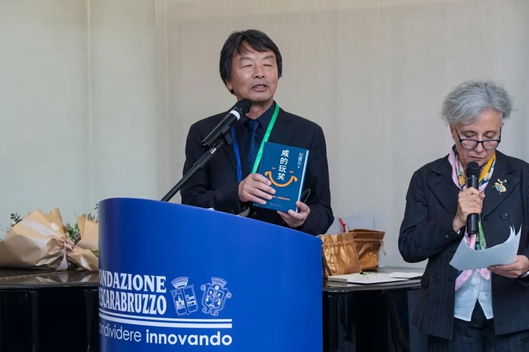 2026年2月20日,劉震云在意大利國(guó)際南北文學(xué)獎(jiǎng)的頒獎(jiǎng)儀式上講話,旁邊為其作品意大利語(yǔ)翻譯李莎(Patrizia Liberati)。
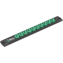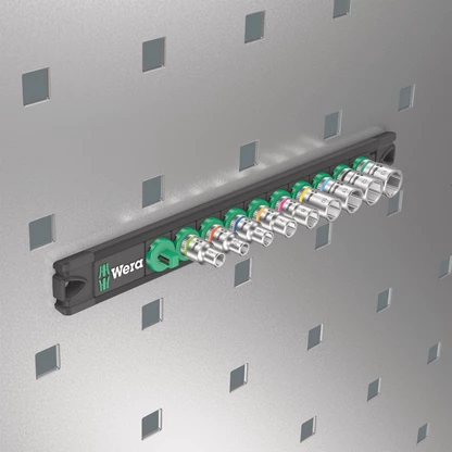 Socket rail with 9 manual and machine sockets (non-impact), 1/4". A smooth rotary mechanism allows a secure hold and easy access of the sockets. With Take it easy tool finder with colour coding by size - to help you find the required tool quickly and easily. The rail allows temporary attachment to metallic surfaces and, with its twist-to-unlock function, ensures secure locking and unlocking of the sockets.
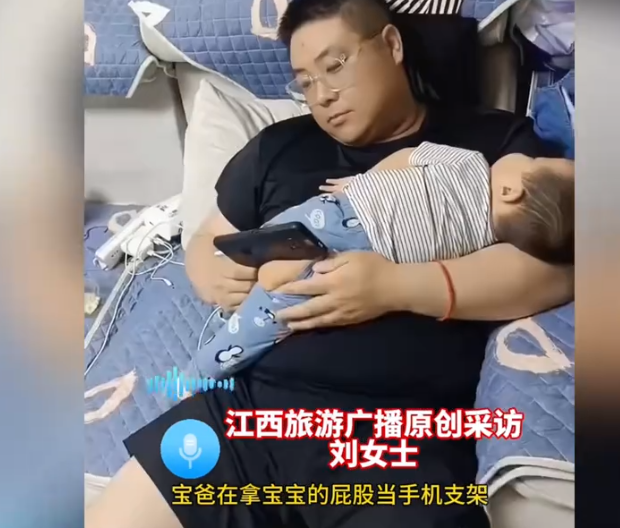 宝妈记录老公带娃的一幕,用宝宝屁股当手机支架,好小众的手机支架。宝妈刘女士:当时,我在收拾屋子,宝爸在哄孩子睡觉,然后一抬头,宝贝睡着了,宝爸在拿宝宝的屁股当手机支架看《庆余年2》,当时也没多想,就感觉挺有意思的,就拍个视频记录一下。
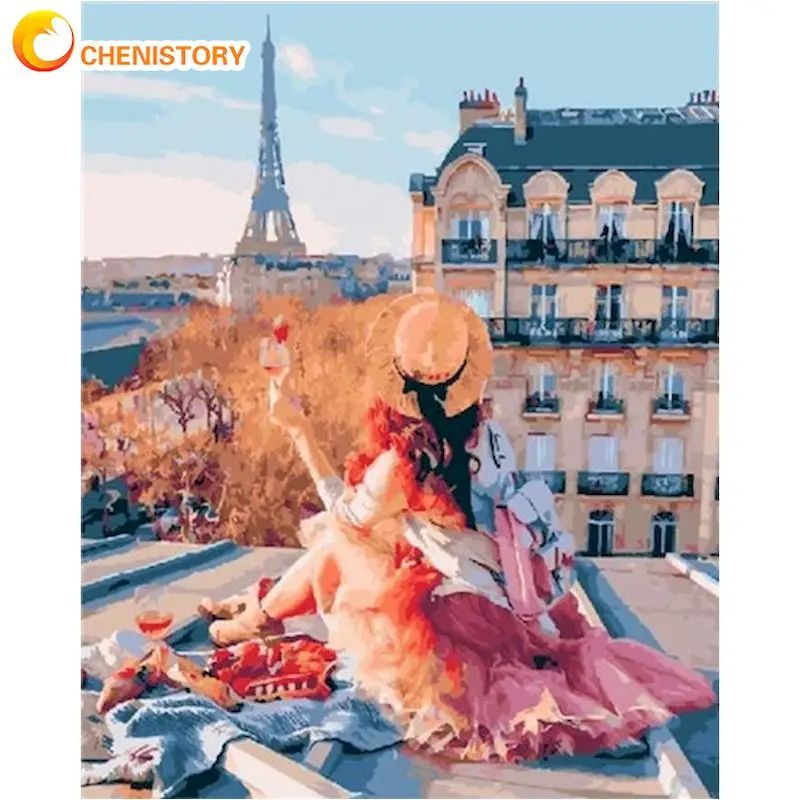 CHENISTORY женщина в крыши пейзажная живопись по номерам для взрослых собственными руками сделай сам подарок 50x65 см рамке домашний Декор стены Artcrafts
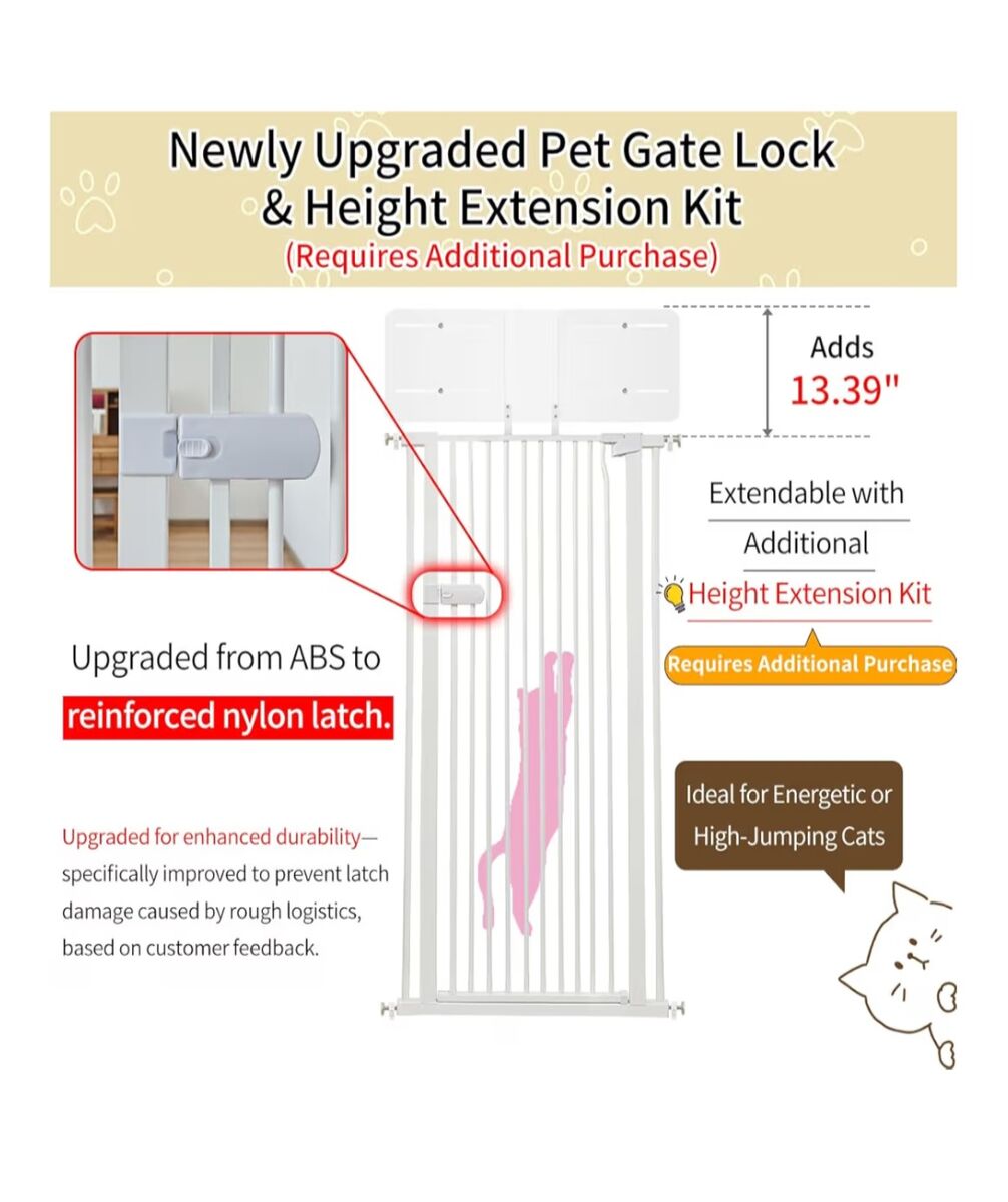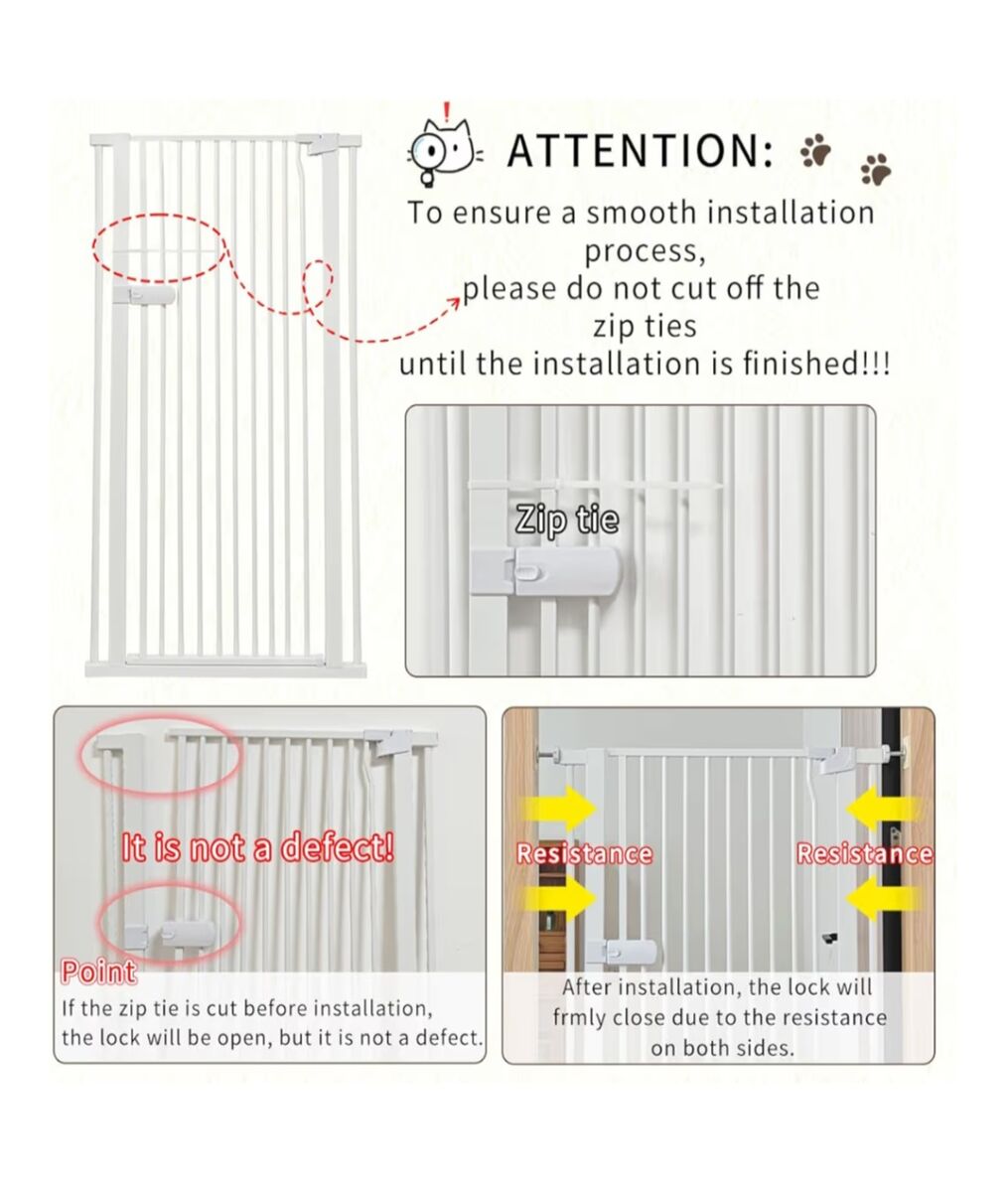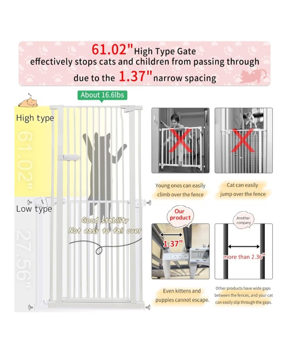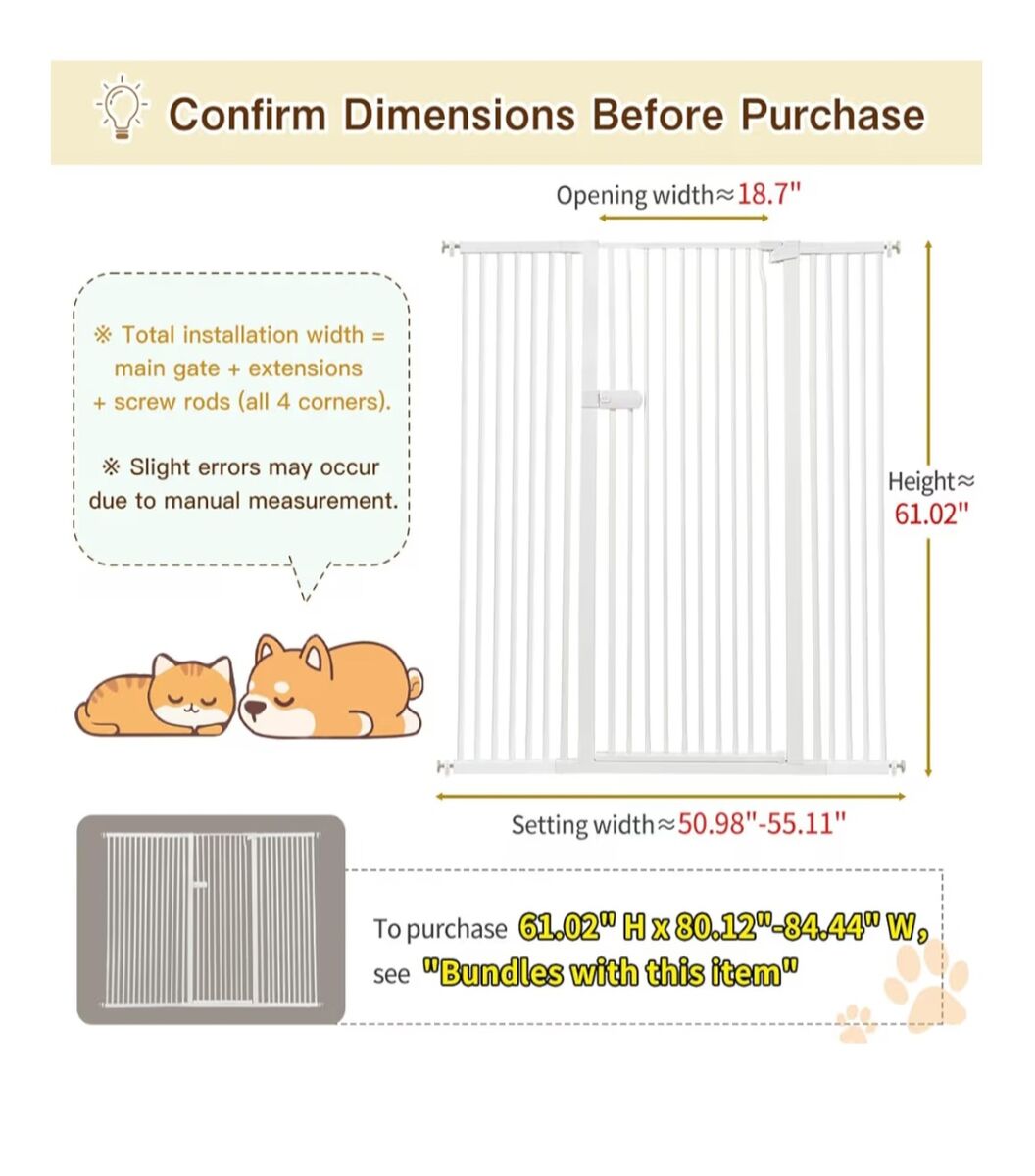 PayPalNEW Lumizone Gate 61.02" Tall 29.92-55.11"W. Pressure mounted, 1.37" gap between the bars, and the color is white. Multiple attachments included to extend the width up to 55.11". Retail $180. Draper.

-*-

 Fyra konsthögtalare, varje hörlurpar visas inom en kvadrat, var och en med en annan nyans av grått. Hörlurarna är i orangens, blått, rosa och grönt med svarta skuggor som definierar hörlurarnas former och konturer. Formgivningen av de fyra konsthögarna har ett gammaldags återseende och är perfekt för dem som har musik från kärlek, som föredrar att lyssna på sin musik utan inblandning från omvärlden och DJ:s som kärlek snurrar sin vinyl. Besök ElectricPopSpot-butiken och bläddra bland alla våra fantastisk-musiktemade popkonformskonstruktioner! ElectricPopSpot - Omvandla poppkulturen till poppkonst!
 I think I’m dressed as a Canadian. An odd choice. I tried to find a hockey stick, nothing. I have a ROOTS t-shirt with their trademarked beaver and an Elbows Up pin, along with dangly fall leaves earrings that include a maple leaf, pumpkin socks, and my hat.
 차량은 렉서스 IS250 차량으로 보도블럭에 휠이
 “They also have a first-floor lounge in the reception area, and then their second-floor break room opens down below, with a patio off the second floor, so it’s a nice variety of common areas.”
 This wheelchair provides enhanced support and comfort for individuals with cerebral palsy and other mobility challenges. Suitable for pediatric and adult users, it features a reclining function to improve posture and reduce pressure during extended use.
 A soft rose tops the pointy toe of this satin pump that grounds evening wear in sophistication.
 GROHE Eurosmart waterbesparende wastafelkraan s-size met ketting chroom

-*-

| WHAT IS NEEDED |
Give back, exactly as written, the stretch from the line with "also have a" through the line with "GROHE Eurosmart waterbesparende", and no other lines from the records above.

| SOLUTION |
 “They also have a first-floor lounge in the reception area, and then their second-floor break room opens down below, with a patio off the second floor, so it’s a nice variety of common areas.”
 This wheelchair provides enhanced support and comfort for individuals with cerebral palsy and other mobility challenges. Suitable for pediatric and adult users, it features a reclining function to improve posture and reduce pressure during extended use.
 A soft rose tops the pointy toe of this satin pump that grounds evening wear in sophistication.
 GROHE Eurosmart waterbesparende wastafelkraan s-size met ketting chroom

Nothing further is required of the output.